Elastic Alpha - dropping logs to remote logstash / ELK

426 views
Skip to first unread message

James Gordon

unread,
Sep 19, 2017, 10:26:31 AM9/19/17
to security-onion
Hi all,

First off, big thanks to Doug and team for their work with Security Onion and the awesome job integrating Elastic into the SO stack! I'm looking forward to leveraging Bro in Elastic on Security Onion.

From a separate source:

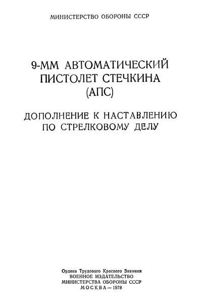 Пистолет Стечкина (АПС) Наставление по стрелковому делу 9-мм пистолет Стечкина (АПС) (изд. 1957), формат: формат: djvu

I stood up an SO Elastic alpha release box on the same network as one of my production Security Onion sensors. I'm trying to ship Bro logs from the prod sensor to the new elastic box to test out elastic, but the vast majority of the logs are dropping in transit according to syslog-ng on the source sensor. I had this functionality working on a previous release of the elastic preview - I can't remember if that was TP1 or TP2, but I don't believe network congestion is the limiting factor here. For context, on the previous TP I had running, the old ELK instance was seeing about 50 million logs per day. I've had this alpha running for about 18 hours now and it's only imported about 300,000 logs.

To send the logs, I copied and pasted the relevant syslog-ng configuration lines out of the new SO-ELK alpha server and put them in the source sensor. I modified the output to send to the IP of the ELK box, and added a UFW rule to allow connectivity.

I've used the `syslog-ng-ctl stats` command to confirm that the syslog to logstash transport step is where my logs are being dropped.

I've tried the following:
*Switched Syslog-ng output between TCP and UDP - both resulted in about the same amount of loss.
*Increased RAM and worker count on logstash - no changes observed.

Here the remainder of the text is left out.